(Dataset excerpts)

----

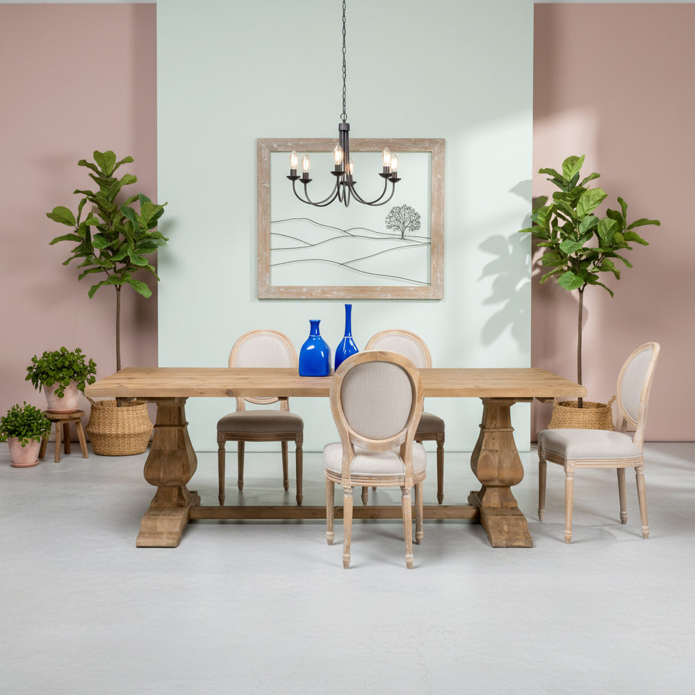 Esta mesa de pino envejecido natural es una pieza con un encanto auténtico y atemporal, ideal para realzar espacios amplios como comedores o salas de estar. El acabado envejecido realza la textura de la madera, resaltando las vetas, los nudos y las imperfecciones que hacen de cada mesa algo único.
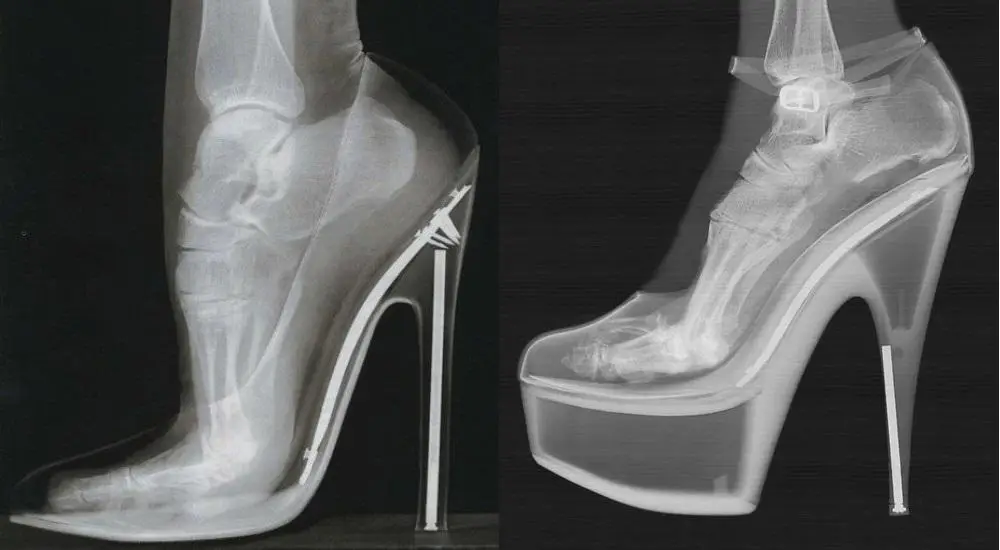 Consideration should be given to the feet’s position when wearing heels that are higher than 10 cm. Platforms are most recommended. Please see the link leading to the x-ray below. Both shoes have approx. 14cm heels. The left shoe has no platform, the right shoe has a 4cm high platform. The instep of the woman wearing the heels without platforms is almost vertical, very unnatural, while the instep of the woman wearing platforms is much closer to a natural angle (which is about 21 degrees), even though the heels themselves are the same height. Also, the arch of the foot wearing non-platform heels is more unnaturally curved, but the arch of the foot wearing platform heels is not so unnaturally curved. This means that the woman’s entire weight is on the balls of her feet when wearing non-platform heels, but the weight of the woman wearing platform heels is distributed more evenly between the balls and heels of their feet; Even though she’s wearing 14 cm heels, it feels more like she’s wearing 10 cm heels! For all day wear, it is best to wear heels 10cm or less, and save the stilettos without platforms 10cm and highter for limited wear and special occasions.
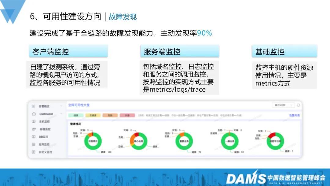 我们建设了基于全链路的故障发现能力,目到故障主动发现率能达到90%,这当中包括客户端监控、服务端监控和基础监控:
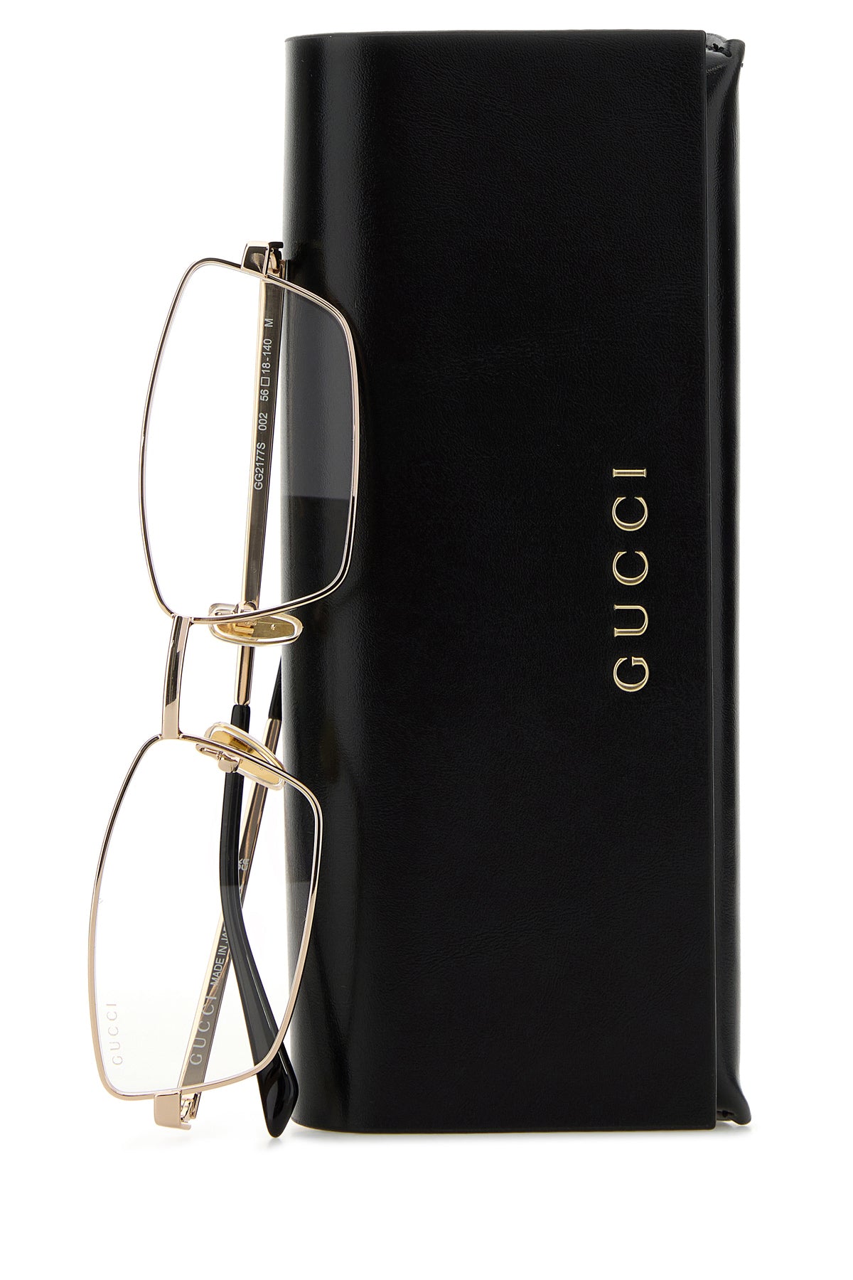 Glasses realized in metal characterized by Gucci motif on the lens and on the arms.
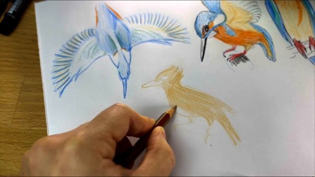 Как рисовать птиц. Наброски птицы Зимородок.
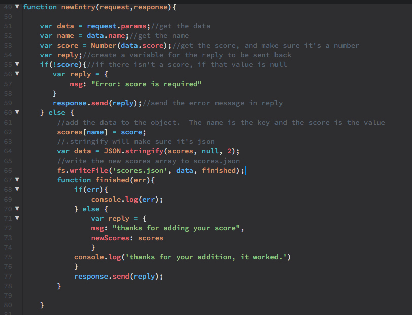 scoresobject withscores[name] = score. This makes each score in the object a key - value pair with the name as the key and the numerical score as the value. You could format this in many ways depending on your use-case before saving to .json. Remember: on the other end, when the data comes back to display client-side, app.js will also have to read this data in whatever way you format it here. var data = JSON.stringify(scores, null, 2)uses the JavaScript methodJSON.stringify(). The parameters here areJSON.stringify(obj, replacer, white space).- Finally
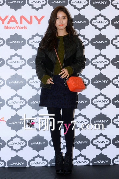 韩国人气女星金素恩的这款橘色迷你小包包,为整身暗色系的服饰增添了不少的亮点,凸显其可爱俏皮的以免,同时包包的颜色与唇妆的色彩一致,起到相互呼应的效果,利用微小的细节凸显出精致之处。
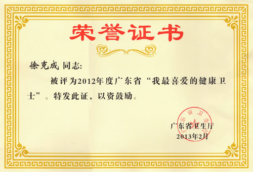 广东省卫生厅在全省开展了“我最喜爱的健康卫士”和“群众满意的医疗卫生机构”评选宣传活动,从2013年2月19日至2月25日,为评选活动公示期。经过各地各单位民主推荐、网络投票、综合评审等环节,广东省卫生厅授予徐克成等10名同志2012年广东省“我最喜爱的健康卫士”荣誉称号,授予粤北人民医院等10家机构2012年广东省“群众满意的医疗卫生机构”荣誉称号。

----

Exercise details: Give back exactly the lines above from the one with "scoresobject withscores[name] = score." through the one with "韩国人气女星金素恩的这款橘色", both included. Pictures don't belong in the copy.

Your solution:
 scoresobject withscores[name] = score. This makes each score in the object a key - value pair with the name as the key and the numerical score as the value. You could format this in many ways depending on your use-case before saving to .json. Remember: on the other end, when the data comes back to display client-side, app.js will also have to read this data in whatever way you format it here. var data = JSON.stringify(scores, null, 2)uses the JavaScript methodJSON.stringify(). The parameters here areJSON.stringify(obj, replacer, white space).- Finally
 韩国人气女星金素恩的这款橘色迷你小包包,为整身暗色系的服饰增添了不少的亮点,凸显其可爱俏皮的以免,同时包包的颜色与唇妆的色彩一致,起到相互呼应的效果,利用微小的细节凸显出精致之处。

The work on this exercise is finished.